MAPK activity is required for phagocytosis and intracellular granule mobilization in PMNs In the above experiments, we utilized candidal growth inhibition as an assay for PMN biologic function. However, this assay records both intracellular and extracellular microbicidal effects that is, death by
phagocytosis and by exocytosis of antimicrobial products. For death of
ingested microbes, mobilization of lytic granules into phagosomes is a
critical event.13,14 Both the production of oxygen
intermediates and the release of antimicrobial enzymes contained in
lytic granules determine the intracellular killing capacity of
PMNs.13 It has been reported that granular proteins such
as perforin and granulysin have broad effects against intracellular pathogenic bacteria, fungi, and parasites in vitro.53 But
another key granular protein, granzyme B, has not been reported to be expressed in human PMNs, and its antimicrobial activity has not been
defined.

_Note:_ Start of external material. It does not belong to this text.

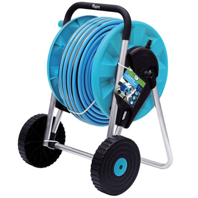 The Flopro Hose Cart has a rust-resistant aluminium frame with comfortable grip handles. It is designed to ensure that the hose does not twist or kink when winding. The cart conveniently folds for easy transportation and storage. It is supplied with the following: 1 x 25m Flopro hose, 12.5mm (1/2in) diameter.1 x Tap Connector.1 x Hose Connector.1 x Water Stop Hose Connector.1 x Watering Nozzle. The Flopro hose has a 10 year guarantee.

As shown in Figure 8A, granzyme
B is expressed in PMNs, as demonstrated by mRNA expression. Western
blot analysis and immunostaining of PMNs with a monoclonal antibody
specific for granzyme B demonstrated that granzyme B is also present at the protein level (Figure 8A, bottom panel). We then used
granzyme B as a specific marker for lytic granules in PMNs to examine
if the Rac/Cdc42-dependent MAPK pathway controls phagocytosis or granule mobilization. We employed 2-color staining whereby C
albicans was prelabeled with a red flourescent cell linker and the
lytic granules in PMNs were stained with FITC-labeled antigranzyme B. By visual assessment of stained PMNs and C albicans, MAPK
was found to control not only phagocytosis but also granule
polarization toward the ingested microbe (Figure 8B). Phagocytosis was
evaluated by counting the number of PMNs that showed ingested microbes
out of 100 total PMNs on each slide. When the phagocytizing PMNs were located, the position of the granzyme B molecules within the PMNs was
also recorded. Granule movement was then evaluated by counting the
number of PMNs with rings of granzyme B clearly visible around their
ingested microbes out of 100 PMNs containing phagocytized C
albicans. At 0 minutes of exposure to C albicans,
phagosomes were visible in 7.6% ± 1.2% of PMNs, whereas by 5 minutes, 66% ± 2.9% of PMNs had ingested microbes. The solvent
control DMSO had little effect on phagocytosis (67.6% ± 2.4%),
whereas the MEK inhibitor PD098059 greatly reduced the ability of the
treated PMNs to phagocytize microbes (21% ± 1.6%).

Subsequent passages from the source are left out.